Chapter 15
CAMILLE’S POINT OF VIEW
The fist came at my face too fast to dodge. I tried to block like Jason had taught me, but my arms felt heavy as stone. His knuckles grazed my cheek as I stumbled backward.
“Too slow,” he barked. “Again.”
My lungs burned. Sweat stung my eyes. We’d been at this for almost two hours, and the digital clock on the gym wall showed 5:47 AM. The sun wasn’t even up yet.

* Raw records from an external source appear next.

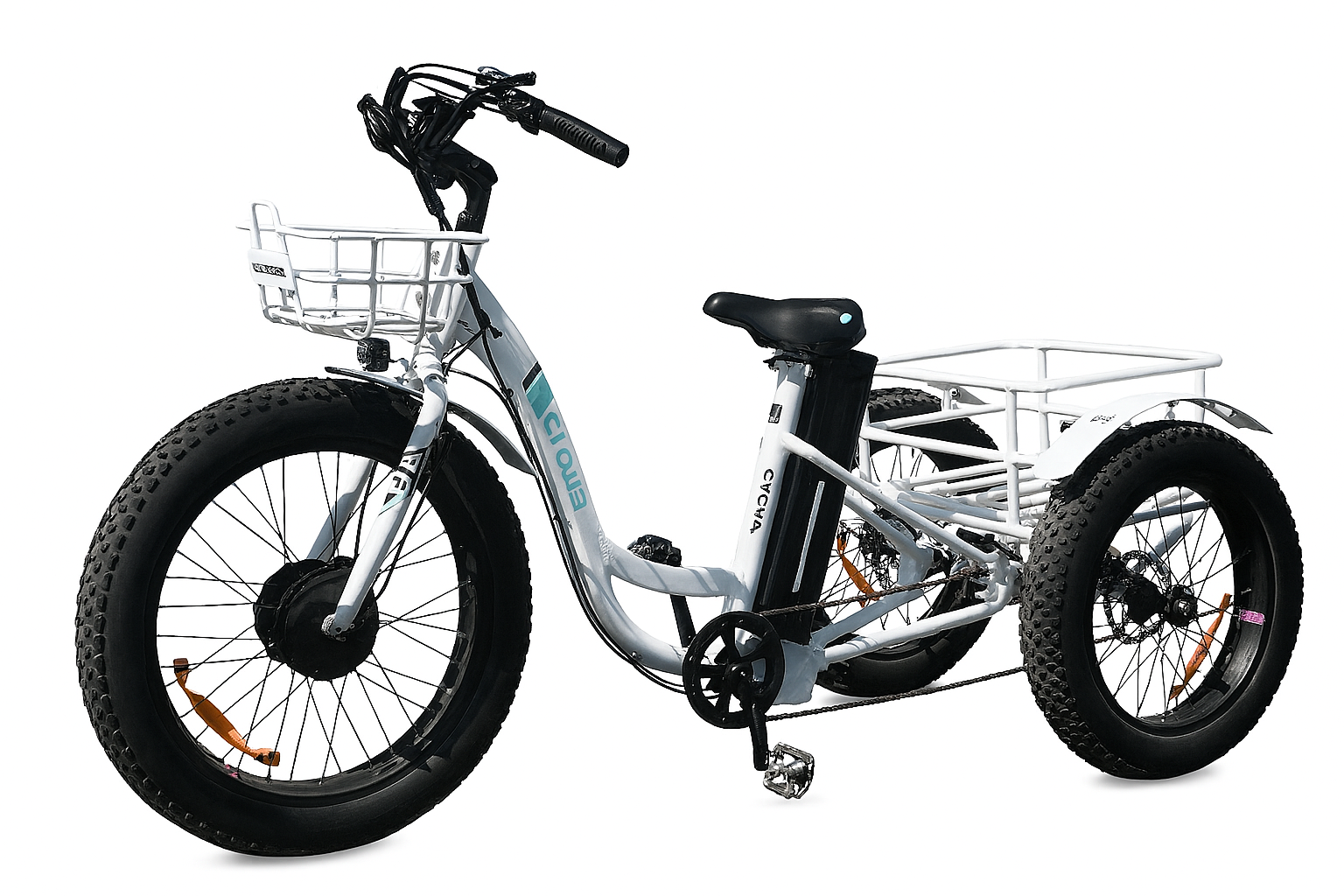 Frame | Aluminum 6061. Cargo baskets come in white. |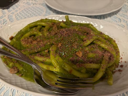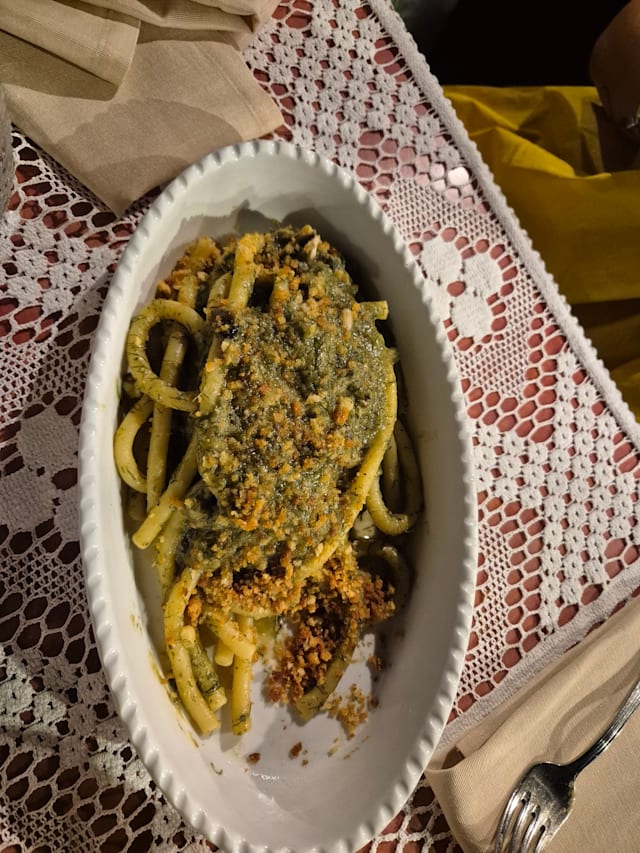 10/10It may seem a bit out there(we were staying in Ortigia and walking) but it was worth every step. Great wine list, really helpful and friendly staff, and maybe one of the best meals we had in our whole month long trip to Italy. We had the Lolli Pasta with Kohlrabi Pesto, which was our favorite, and the Busiate with Broccoli as well as the Caponata. Looking forward to coming back and eating here again!!
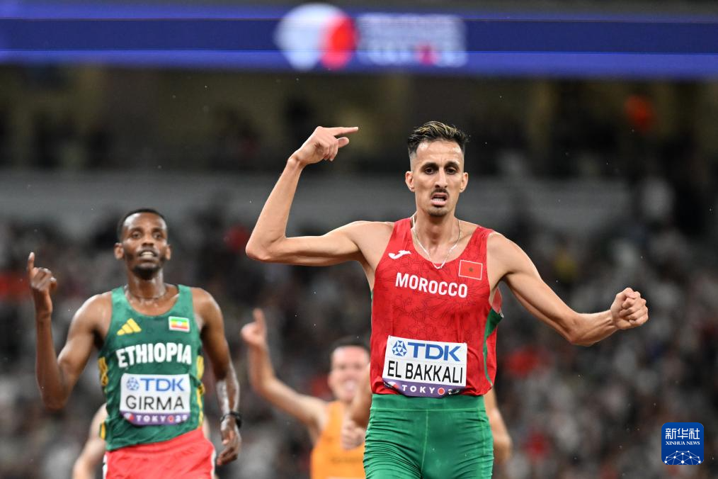 9月13日,摩洛哥选手艾尔巴卡里(前)在比赛中冲线。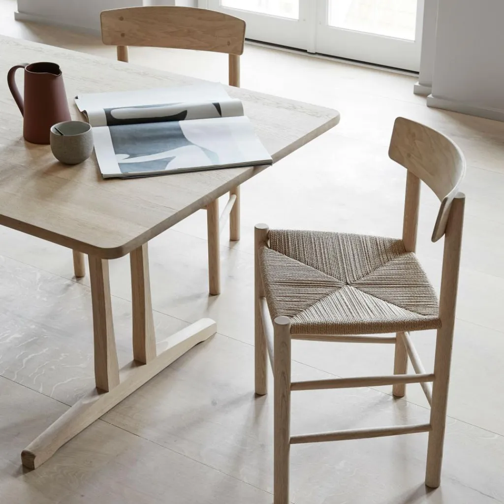 Schlicht, funktional und voller Charakter – der J39 Stuhl von Børge Mogensen für Fredericia verkörpert die Essenz dänischen Designs mit einem starken Fokus auf Handwerk und Langlebigkeit.

Jason Winters stood opposite me on the training mat, barely breathing hard. His military haircut and scarred face gave nothing away, no tiredness, no frustration, just cold assessment. As Victoria’s head of security, he’d protected presidents and royalty before becoming my combat instructor three weeks ago.
“I can’t,“4 gasped, hands on my knees. “Need water.”
“Your sister won’t give you water when she’s destroying everything you love,” he said flatly. “Your ex–husband won’t offer a break when he’s laughing at your weakness,”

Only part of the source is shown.